=== Instructions for the task ===
Copy out every line of the material below, character for character, apart from the pictures.
[Records shown Boundary: Start]
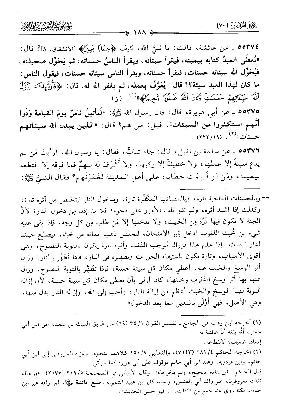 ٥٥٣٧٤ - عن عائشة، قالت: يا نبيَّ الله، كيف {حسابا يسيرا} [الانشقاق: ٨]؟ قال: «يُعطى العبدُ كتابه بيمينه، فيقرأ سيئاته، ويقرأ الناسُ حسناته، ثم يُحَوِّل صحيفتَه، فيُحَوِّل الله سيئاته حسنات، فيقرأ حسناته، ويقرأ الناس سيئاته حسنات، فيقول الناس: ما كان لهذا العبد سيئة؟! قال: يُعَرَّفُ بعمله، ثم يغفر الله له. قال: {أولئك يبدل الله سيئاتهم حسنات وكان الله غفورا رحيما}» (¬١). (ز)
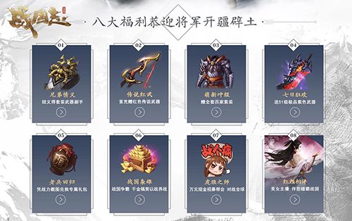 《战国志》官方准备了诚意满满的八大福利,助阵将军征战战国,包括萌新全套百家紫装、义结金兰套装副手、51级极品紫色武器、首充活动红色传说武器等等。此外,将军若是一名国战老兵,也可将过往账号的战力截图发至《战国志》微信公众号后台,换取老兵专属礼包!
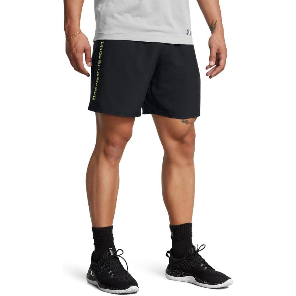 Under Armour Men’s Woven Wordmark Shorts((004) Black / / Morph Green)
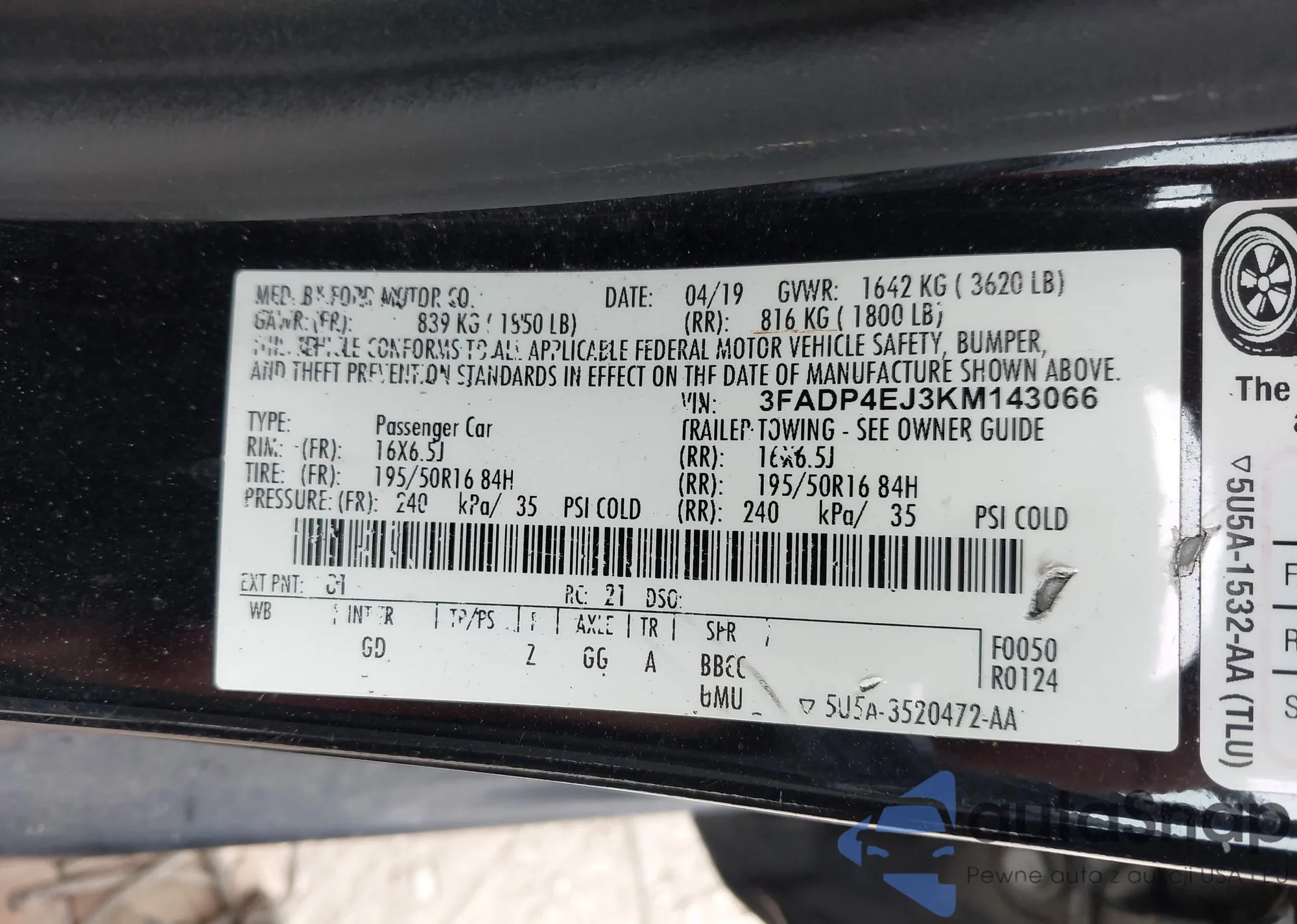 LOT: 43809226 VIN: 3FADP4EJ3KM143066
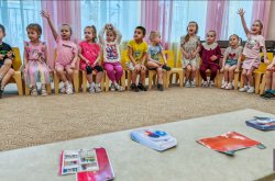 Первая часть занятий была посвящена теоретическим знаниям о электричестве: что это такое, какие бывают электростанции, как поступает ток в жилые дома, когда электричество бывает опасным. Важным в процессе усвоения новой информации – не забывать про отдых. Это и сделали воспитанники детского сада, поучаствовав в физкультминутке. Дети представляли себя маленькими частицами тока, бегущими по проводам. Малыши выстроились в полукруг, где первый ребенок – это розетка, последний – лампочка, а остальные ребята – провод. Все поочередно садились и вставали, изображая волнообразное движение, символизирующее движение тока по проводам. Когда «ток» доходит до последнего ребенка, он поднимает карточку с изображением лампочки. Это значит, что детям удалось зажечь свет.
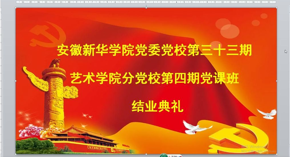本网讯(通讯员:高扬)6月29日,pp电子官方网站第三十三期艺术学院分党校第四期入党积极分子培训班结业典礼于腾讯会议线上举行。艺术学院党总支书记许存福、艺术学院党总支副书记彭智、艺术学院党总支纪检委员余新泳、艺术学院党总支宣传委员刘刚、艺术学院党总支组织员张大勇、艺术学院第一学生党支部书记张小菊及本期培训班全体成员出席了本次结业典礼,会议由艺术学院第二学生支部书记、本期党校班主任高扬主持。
[Records shown Boundary: End]
=== Problem solution ===
 ٥٥٣٧٤ - عن عائشة، قالت: يا نبيَّ الله، كيف {حسابا يسيرا} [الانشقاق: ٨]؟ قال: «يُعطى العبدُ كتابه بيمينه، فيقرأ سيئاته، ويقرأ الناسُ حسناته، ثم يُحَوِّل صحيفتَه، فيُحَوِّل الله سيئاته حسنات، فيقرأ حسناته، ويقرأ الناس سيئاته حسنات، فيقول الناس: ما كان لهذا العبد سيئة؟! قال: يُعَرَّفُ بعمله، ثم يغفر الله له. قال: {أولئك يبدل الله سيئاتهم حسنات وكان الله غفورا رحيما}» (¬١). (ز)
 《战国志》官方准备了诚意满满的八大福利,助阵将军征战战国,包括萌新全套百家紫装、义结金兰套装副手、51级极品紫色武器、首充活动红色传说武器等等。此外,将军若是一名国战老兵,也可将过往账号的战力截图发至《战国志》微信公众号后台,换取老兵专属礼包!
 Under Armour Men’s Woven Wordmark Shorts((004) Black / / Morph Green)
 LOT: 43809226 VIN: 3FADP4EJ3KM143066
 Первая часть занятий была посвящена теоретическим знаниям о электричестве: что это такое, какие бывают электростанции, как поступает ток в жилые дома, когда электричество бывает опасным. Важным в процессе усвоения новой информации – не забывать про отдых. Это и сделали воспитанники детского сада, поучаствовав в физкультминутке. Дети представляли себя маленькими частицами тока, бегущими по проводам. Малыши выстроились в полукруг, где первый ребенок – это розетка, последний – лампочка, а остальные ребята – провод. Все поочередно садились и вставали, изображая волнообразное движение, символизирующее движение тока по проводам. Когда «ток» доходит до последнего ребенка, он поднимает карточку с изображением лампочки. Это значит, что детям удалось зажечь свет.
本网讯(通讯员:高扬)6月29日,pp电子官方网站第三十三期艺术学院分党校第四期入党积极分子培训班结业典礼于腾讯会议线上举行。艺术学院党总支书记许存福、艺术学院党总支副书记彭智、艺术学院党总支纪检委员余新泳、艺术学院党总支宣传委员刘刚、艺术学院党总支组织员张大勇、艺术学院第一学生党支部书记张小菊及本期培训班全体成员出席了本次结业典礼,会议由艺术学院第二学生支部书记、本期党校班主任高扬主持。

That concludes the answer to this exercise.